Anatomical Record - Part A Discoveries in Molecular, Cellular, and Evolutionary Biology, cilt.277, sa.2, ss.396-407, 2004 (Diğer Kurumların Hakemli Dergileri) identifier identifier identifier

  • Yayın Türü: Makale / Tam Makale
  • Cilt numarası: 277 Konu: 2
  • Basım Tarihi: 2004
  • Doi Numarası: 10.1002/ar.a.20029
  • Dergi Adı: Anatomical Record - Part A Discoveries in Molecular, Cellular, and Evolutionary Biology
  • Sayfa Sayıları: ss.396-407

Özet

In whole-mount explant cultures of the trigeminal ganglion (TG) with intact peripheral and brainstem targets, exogenous application of nerve growth factor (NGF) and neurotrophin-3 (NT-3) leads to elongation and precocious arborization of embryonic trigeminal axons, respectively.

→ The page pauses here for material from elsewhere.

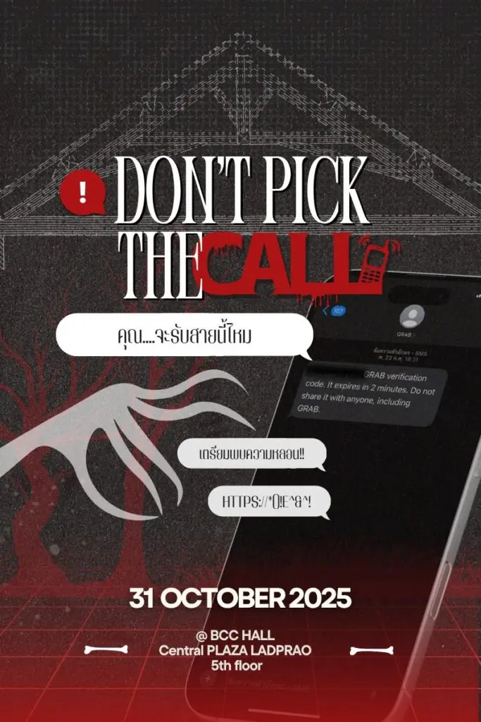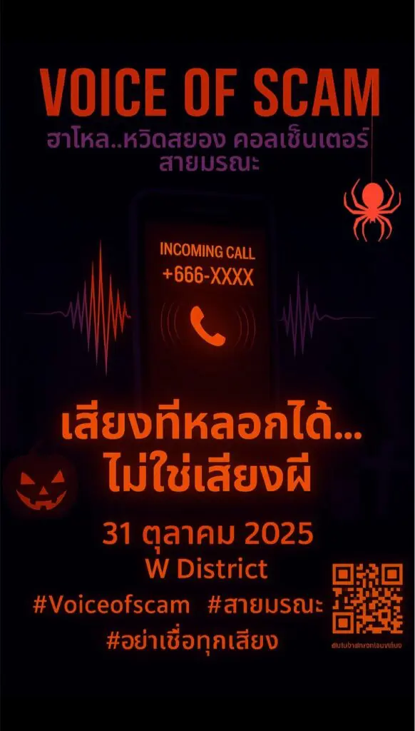 - บูธจำลองสถานการณ์: ผู้เข้าร่วมงานจะได้ลองรับสายจาก “คอลเซ็นเตอร์ผี” ที่จำลองบทสนทนาและกลโกงยอดฮิต เพื่อให้ทุกคนได้ฝึกตั้งสติและเรียนรู้วิธีรับมือ

In addition, neurotrophins play a major role in survival and differentiation of distinct classes of TG neurons. In the present study, we conducted morphometric analyses of trigeminal neurons exposed to exogenous NGF or NT-3 in whole-mount explant cultures. Explants dissected from embryonic day (E) 13 and E15 rats were cultured in the presence of serum-free medium (SFM) or in SFM supplemented with NGF or NT-3 for 3 days. TG neurons were then retrogradely labeled with lipophilic tracer DiI and their soma size distributions were compared following different treatments. The mean diameters of E13 and E15 trigeminal neurons grown in the presence of NT-3 were similar to those grown in SFM. On the other hand, in cultures supplemented with NGF, the mean diameters of neurons were larger at E13, but smaller at E15. Double immunolabeling with TrkA and TrkC antibodies confirmed the presence of large-diameter TrkA-positive neurons in E13 TG, but not in E15 TG. At both ages, other large-diameter neurons expressed only TrkC. These results show that exposure to NGF leads to phenotypic changes in TrkA-expressing trigeminal neurons at early embryonic development, but selective survival of small diameter neurons at later ages. © 2004 Wiley-Liss, Inc.